USA: Apartheid Victims Sue Global Corporations
A lawsuit filed Tuesday in the New York District Court demands reparations from 20 banks and corporations that supplied critical support to the apartheid regime that ruled South Africa until 1994.
The case -- filed in the name of the Khulumani Support Group, engaged in counseling more than 32,000 South Africans hurt by apartheid -- seeks compensatory and punitive damages from a host of multinational corporations.
These include U.S. giants IBM, General Motors, Exxon Mobil, J.P Morgan Chase, Citigroup, Caltex Petroleum Corporation, Ford Motor Company, and the Fluor Corporation. All of these groups have been asked to provide generous compensation to help "heal the damage" caused by apartheid, according to the Apartheid Debt and Reparations Campaign, one of the groups behind the lawsuit.
"The corporations aided and abetted a crime against humanity whose persistent social damage requires urgent repair," charged Jubilee South Africa, another supporter.
The suit charges IBM and Fujitsu ICL with supplying technology for white South African authorities to create "passbooks" for the black population that were used to control their movement, employment, and residence.

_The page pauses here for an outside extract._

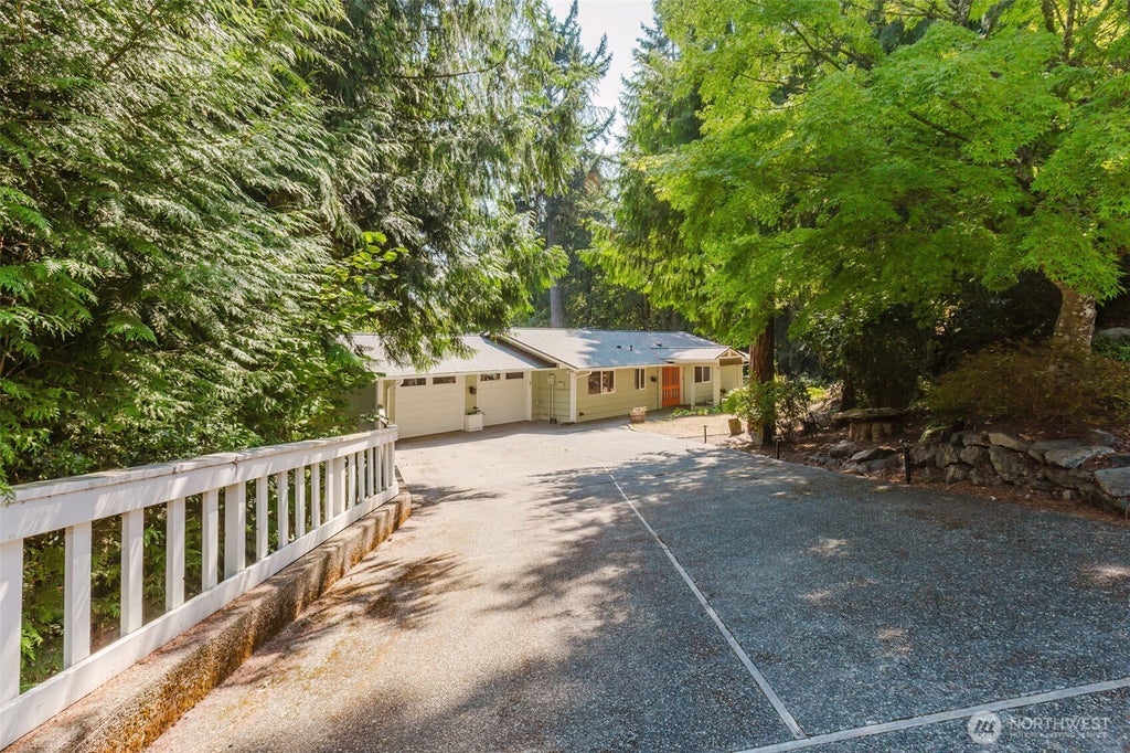 Spacious 5-bed, 2.75-bath one-story home in Eldorado Hills with full daylight basement and over 2,800 sq. ft. on a half-acre lot. Open main floor features mid-century modern design, stainless steel kitchen appliances, and large windows overlooking a private backyard and deck. Upstairs includes a guest room or office and primary with en suite bath and dressing room. Downstairs offers 3 bedrooms, full bath, and large rec room with pellet stove—great for gatherings or MIL setup. Enjoy a hot tub, gazebo, garden shed and wooded trail. Upgrades include stone-coated steel roof, RV parking with dump station, and more. Close to shopping, bases, and highways.

The amount of damages being sought was not specified in the court document, but the damage could be "in the billions," according to Jubilee South Africa spokesman Neville Gabriel.
Contacted by phone Tuesday evening, an IBM spokeswoman said she had no details on the suit, but on the basis of news reports, IBM believed it "has no merit." According to media reports, other firms too are denying responsibility.

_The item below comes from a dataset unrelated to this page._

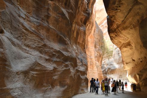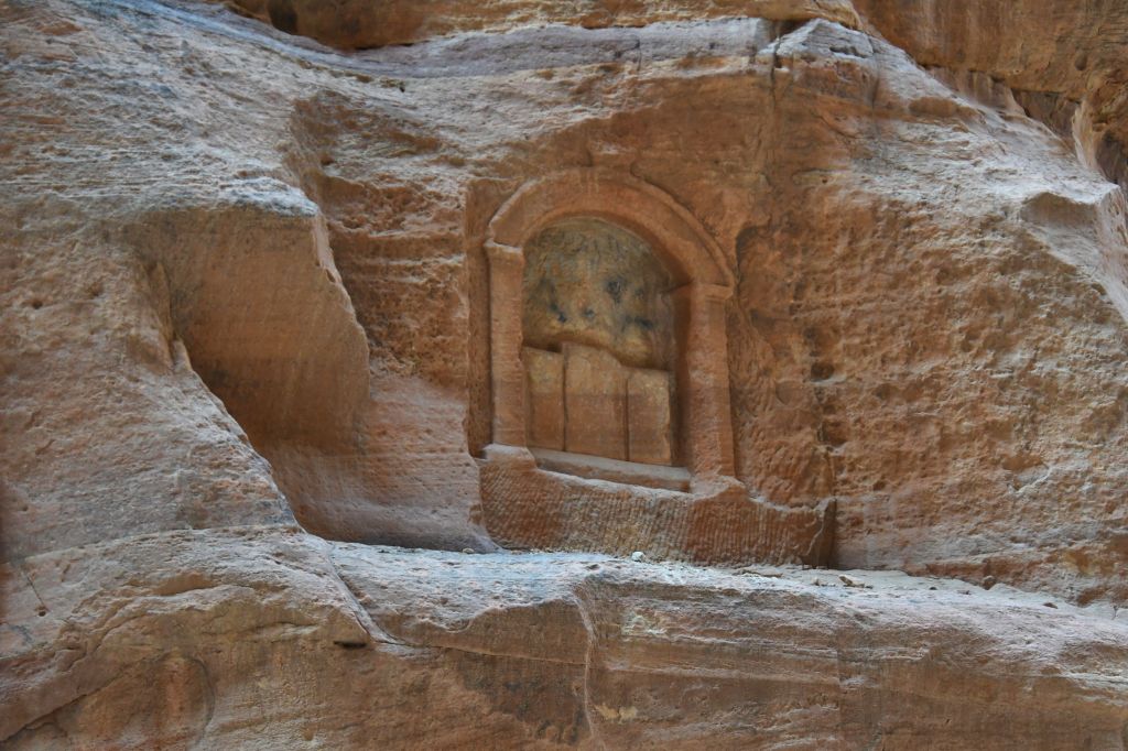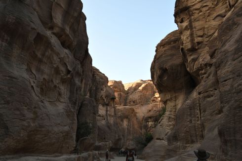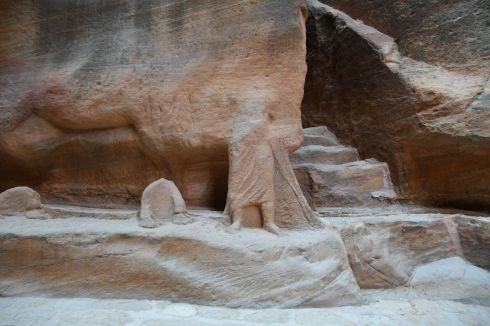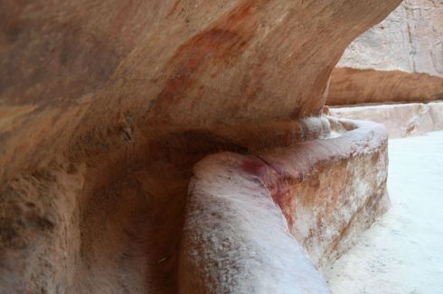 The path to Al Khazneh (The Treasury) in Petra, is through a deep canyon. The path is smooth and easy and flat, and the walls are steep. I spent a lot of time looking up into the sky, mouth open, gaping at the fabulous canyon, called the Siq. We had made the journey the night before, so we knew how long it would take, but in the dark we had not seen how beautiful it was. Even the walls that appear smooth hold carvings and monuments along the way.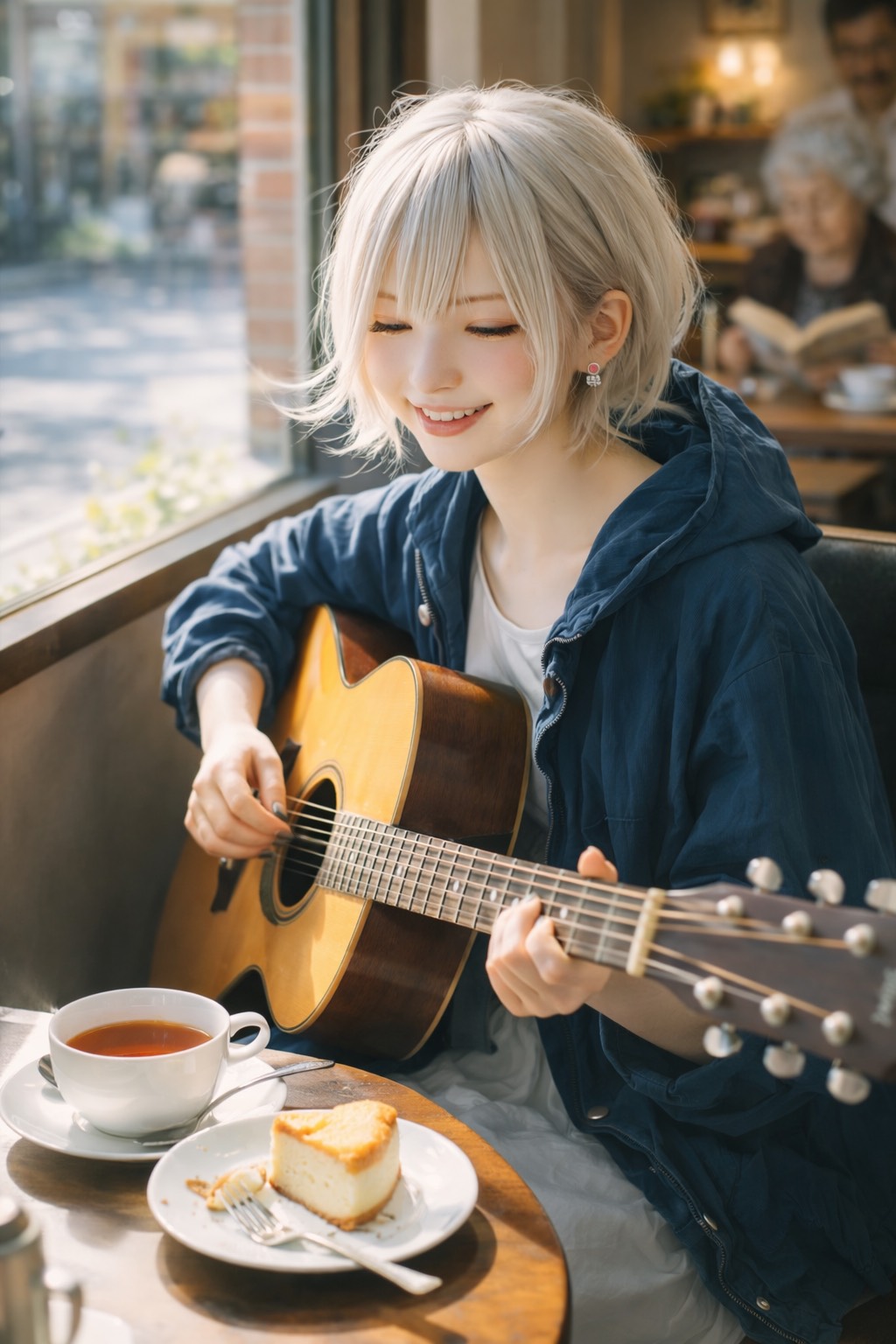 folk, solo jazz-influenced acoustic guitar fingerstyle, female vocals, emotional, jazz, theme, swing, acoustic, light, warm, smooth, sophisticated, rich, soft, vocal, fingerstyle

The suit charges financial institutions like Citicorp with culpability for lending funds used to bolster police and armed forces under the racist regime. It claims that arms manufacturers and oil companies violated internationally agreed embargoes on sales to South Africa.

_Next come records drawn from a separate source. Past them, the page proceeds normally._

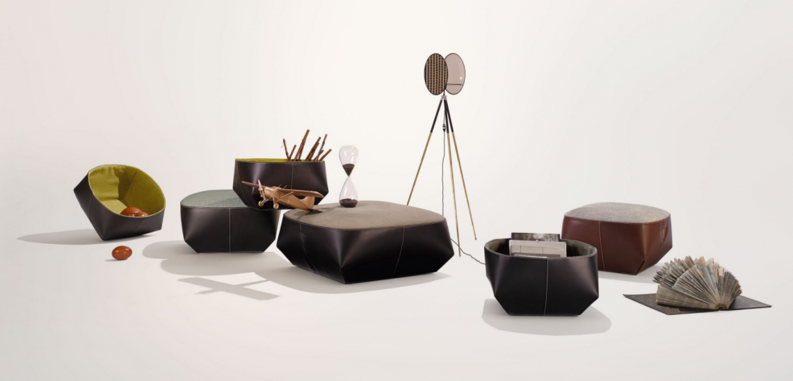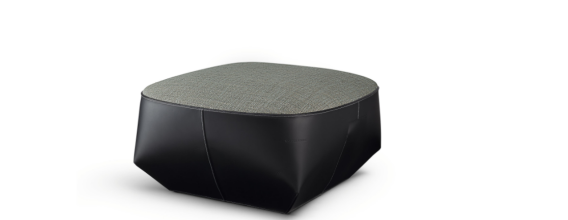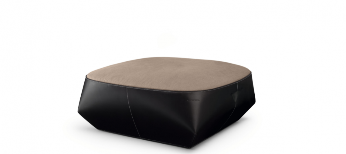 In front of a sofa or the corresponding Isanka Armchair, the upholstered seat offers indispensable comfort. Fine saddle leather and elegant fabric emphasize the special character of this luxury piece, which creates a cozy feeling in very different living spaces.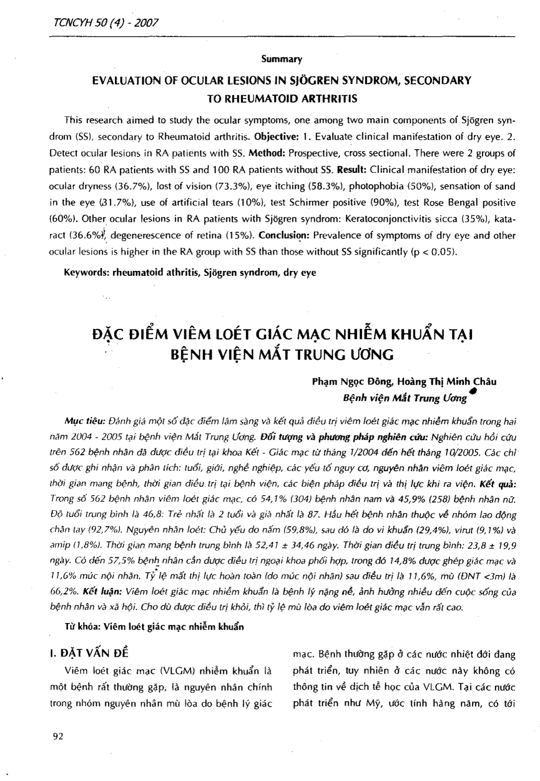 Đặc điểm viêm loét giác mạc nhiễm khuẩn tại Bệnh viện Măt Trung ương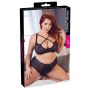Ben je op zoek naar een nieuw lingerie setje en vind je de setjes in plus size maten vaak saai en onvrouwelijk? Met deze prachtige zwarte bh set met bijpassende slip uit de Cottelli Collection is daar absoluut geen sprake van. Plus size en sexy gaan heel goed samen! De kanten bh heeft een geweldig decolleté waar kruislings 2 bandjes over lopen. Hierdoor wordt de aandacht nog meer op jouw prachtige borsten gevestigd. De bh bandjes zijn volledig in maat verstelbaar voor een perfecte pasvorm. De bijpassende slip is een wat langer model en is helemaal in dezelfde stijl als de bh. Draag dit prachtige setje gewoon onder je dagelijkse kleding of verras je partner voor een spannende avond in de slaapkamer..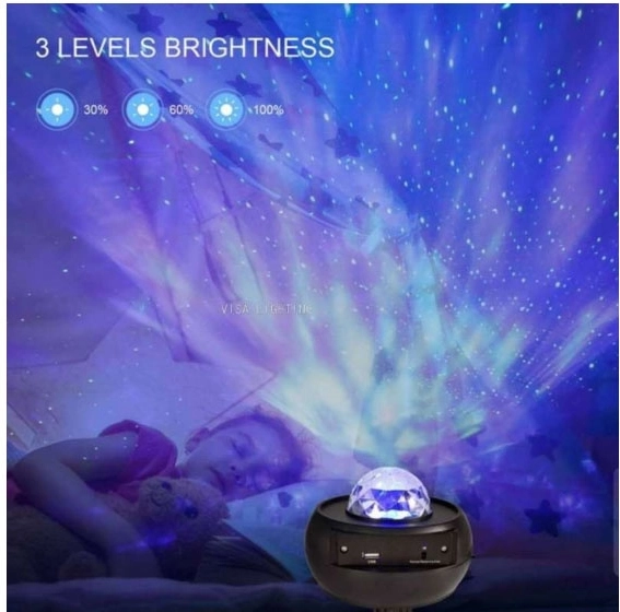 Acest proiector permite conectarea la smartphone prin Bluetooth, astfel încât puteți reda cântece de leagăn sau muzica preferată pentru copii. Se oprește automat după 4 ore, ceea ce este practic pentru utilizarea pe timp de noapte. Proiectorul este potrivit pentru copii de la 3 ani, însă funcțiile și atmosfera sa îi vor încânta și pe adulți.

The class-action suit filed by Washington-based firm, Cohen, Milstein, Hausfeld and Toll, is based on the Alien Tort Claims Act, which grants U.S. courts jurisdiction over certain violations of international law, no matter where they occur.
Lead counsel on the case, Michael D. Hausfeld, called South Africa's apartheid regime an "institutionalized system of racial disenfranchisement." He declared that the current suit "seeks a measure of justice from those entities which aided or abetted the commission of this atrocity."
"Apartheid could not have been maintained in the same manner without the participation of the defendants," the law firm said Tuesday in a statement explaining the case.
According to grisly accounts by plaintiffs and family members, extra-judicial killings, torture, and arbitrary detention -- recognized as violations of international law -- were regularly practiced by the apartheid regime between 1948 and 1993.
Teenagers in the marketplace were reportedly shot by soldiers, parents cold-bloodedly murdered by the police in their homes, while suspected black members of the apartheid resistance were brutally tortured in prison.
Apartheid ended in 1994 when former political prisoner, Nelson Mandela, was elected president. But, argues the Khulumani Support Group, the regime and its supporters have never been held accountable for their actions.